Around noon on Wednesday, a posse of policemen wheeled Soni Sori through the corridors of Raipur’s Ambedkar hospital en route to a routine Computed Tomography (CT) scan that no hospital in the five districts of south Chhattisgarh was equipped to handle. As she lay on her stretcher, Ms. Soni said she was on hunger strike to protest against her treatment at the hands of the police.
Ms. Sori, a 36 year old adivasi school teacher accused of serving as a conduit between the Essar company and the banned Communist Party of India (Maoist), was referred to Raipur after she said she had a fall while in police custody in Dantewada. At the time, Ms. Sori told this correspondent that she had been mentally tortured by police interrogators but had not been physically hit during questioning.
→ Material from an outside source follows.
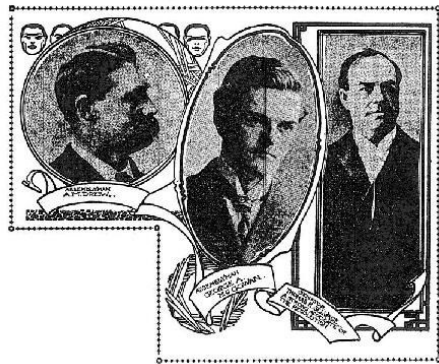
Headline from the San Francisco Chronicle on March 3, 1905.

While many of the 19th century Japanese visitors to the U.S. were sojourners seeking adventure, education, and even economic opportunities, little did they anticipate that if they decided to stay permanently in this country, any move towards naturalization would be barred by an Act of Congress passed in 1790, which allowed only ‘free white men’ to be naturalized (Chuman, 1976). The Chinese Exclusion Act of 1882 aided (by favoring) Japanese immigration to America, but not for long (Takaki, 1989). In early 20th Century, California passed its Alien Land Law (1913), which used the indefinite alien status of Japanese and other Asians to prevent them from acquiring real estate, and setting down permanent roots. The California law was soon mimicked by other western states (Chuman, 1976). Japanese and other Asian immigration was finally turned off by the passage of the U.S. Immigration Exclusion Act of 1924. Japanese immigration was halted until the 1952 passage of the McCarran-Walter Act. This historic act allowed Issei (Japanese immigrants) to become naturalized for the first time and allowed immigration to resume (at 185 Japanese persons per year), now without constraints to a person’s country of origin (Maki, Kitano, & Berthold, 1999).

On Tuesday night, local television channels played footage of Ms. Sori announced her hunger strike. “Why are the police treating me like a criminal? Why did they shackle my feet,” asks Ms. Sori in the clip, adding that the shackles had been removed before the TV cameras were let into the room.
“I am still on hunger strike to protest against the false cases level;ed against me,” said Ms. Sori on Wednesday morning in a brief exchange with this correspondent, before policemen wheeled her into the hospital’s trauma ward.
However, hospital doctors and police officers associated with the case refused to comment on the case. Neither the Medical Superintendent of the Ambedkar Hospital, Dr. Vivek Choudhury nor police spokesperson Mr. Vivekananda Sinha returned calls made to their office.
In a related development, news agencies reported that the National Human Rights Commission had taken cognisance of Ms. Sori’s case and had directed its officers to look into allegations of custodial mistreatment.